# Charles Fairmorn pipes?



## Jeff10236 (Nov 21, 2010)

I have several no-name basket pipes, but these days most of my pipes are good pipes from major brands (so they either have no name, or I know or can find information about them). Even my somewhat obscure Fe Ro pipe I've been able find information on. However, I have one estate Canadian I bought several years ago that has a brand name on it but I have no idea what it is (and I can't find any info online). It has Made in England stamped on it and Charles Fairmorn. Other than that, I know nothing.

I'd be curious if anyone knows anything about them.

As for specific info about my pipe, it isn't a great pipe- a lot of fills, if you don't smoke it _very_ conservatively it will gurgle, and the walls get very hot even when you use proper smoking technique.
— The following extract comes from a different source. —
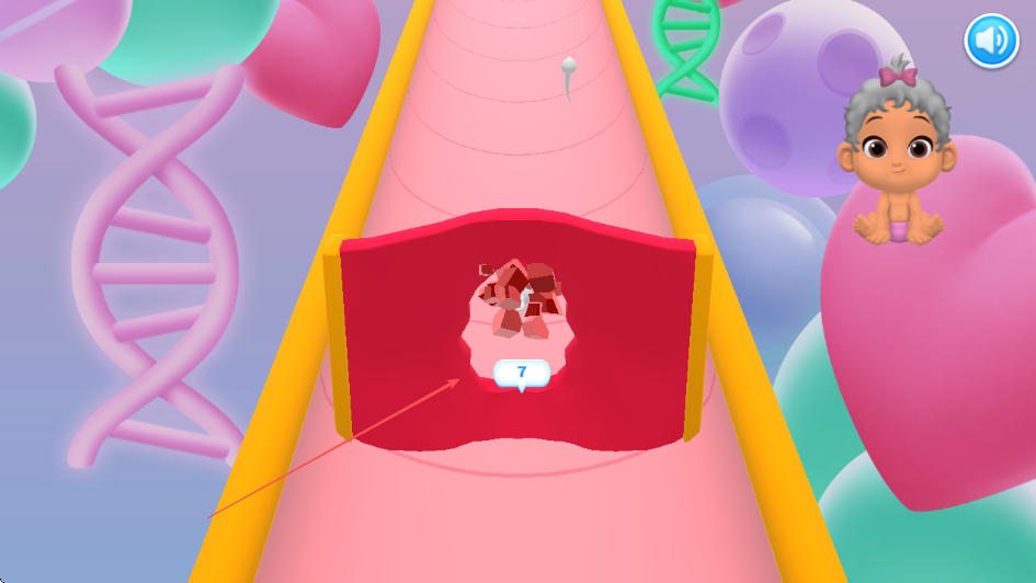 4、持续前进,躲避如绿色病菌等各种障碍物,尽可能多地收集精子,抵达关卡终点。
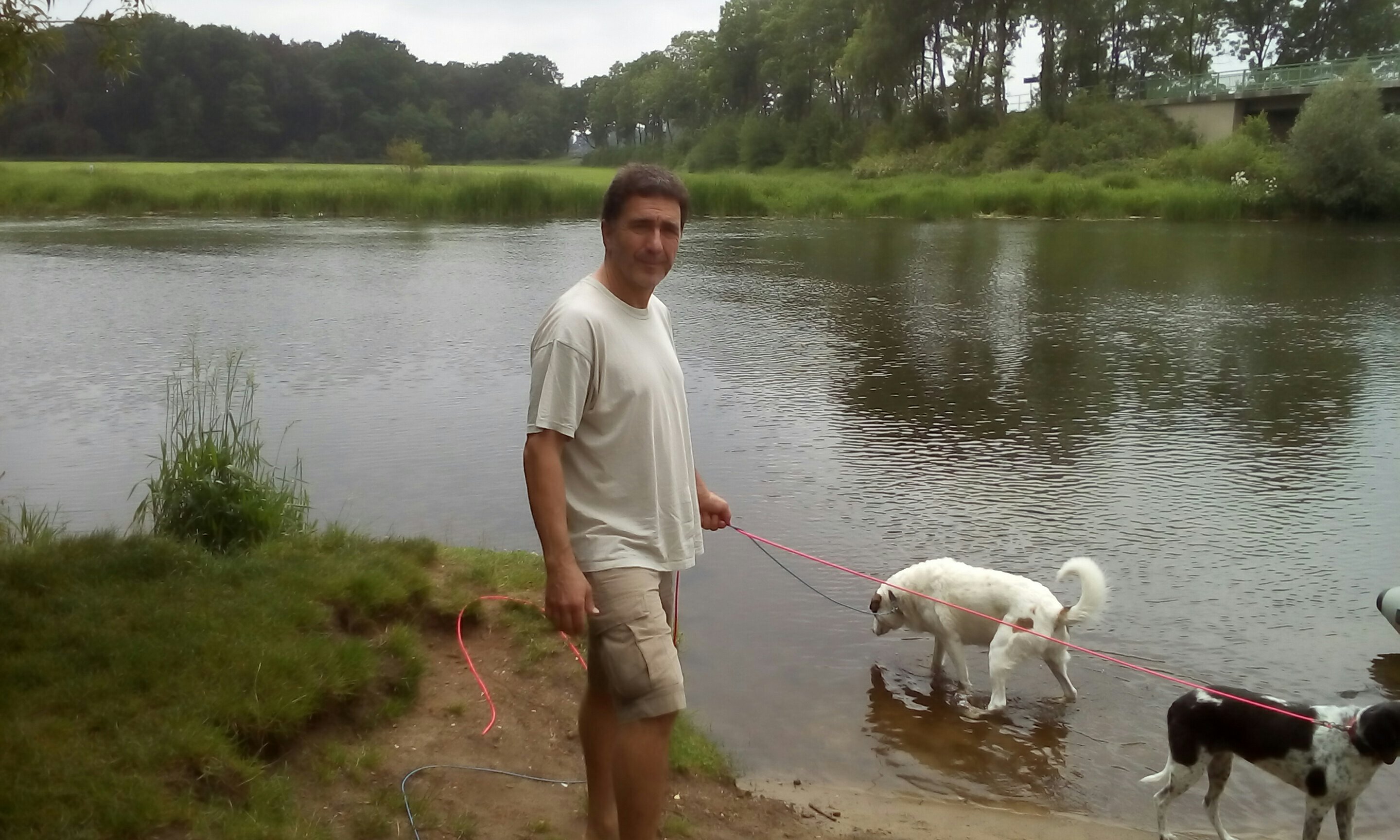 Die Hunde treffen hier Artgenossen zum Spielen und wir lassen uns erklären, dass man in der Aller sogar Gold finden kann und werden sogar Zeuge davon. Gut, es war nur ein winziger Krümel, aber Kleinvieh macht auch Mist. Vermutlich ist es eher der Verkäufer des Equipments, der hier eine Goldader entdeckt hat.

Every time I smoke it (like last night) I remember why I only smoke it once or twice a year. Cosmetically, other than the fills, the grain is OK and it looks decent from a distance. I have to get another Canadian- I like the style, but I want one I'll actually smoke.


----------



## Jeff10236 (Nov 21, 2010)

Jeff10236 said:


> I have several no-name basket pipes, but these days most of my pipes are good pipes from major brands (so they either have no name, or I know or can find information about them). Even my somewhat obscure Fe Ro pipe I've been able find information on. However, I have one estate Canadian I bought several years ago that has a brand name on it but I have no idea what it is (and I can't find any info online). It has Made in England stamped on it and Charles Fairmorn. Other than that, I know nothing.
> 
> I'd be curious if anyone knows anything about them.
> 
> As for specific info about my pipe, it isn't a great pipe- a lot of fills, if you don't smoke it _very_ conservatively it will gurgle, and the walls get very hot even when you use proper smoking technique. Every time I smoke it (like last night) I remember why I only smoke it once or twice a year. Cosmetically, other than the fills, the grain is OK and it looks decent from a distance. I have to get another Canadian- I like the style, but I want one I'll actually smoke.


Edit to clarify:

The walls of this pipe get hot, even smoking very carefully, but not too hot to touch (though much hotter than any of my good pipes).

The fills, argh the fills. I *hate* fills in a pipe, especially very obvious fills that form a bump on the surface of the pipe like these do. I'd much prefer they simply leave the imperfections- briar is wood, it is a root, there will be some imperfections and frankly, they just give the wood some character.


----------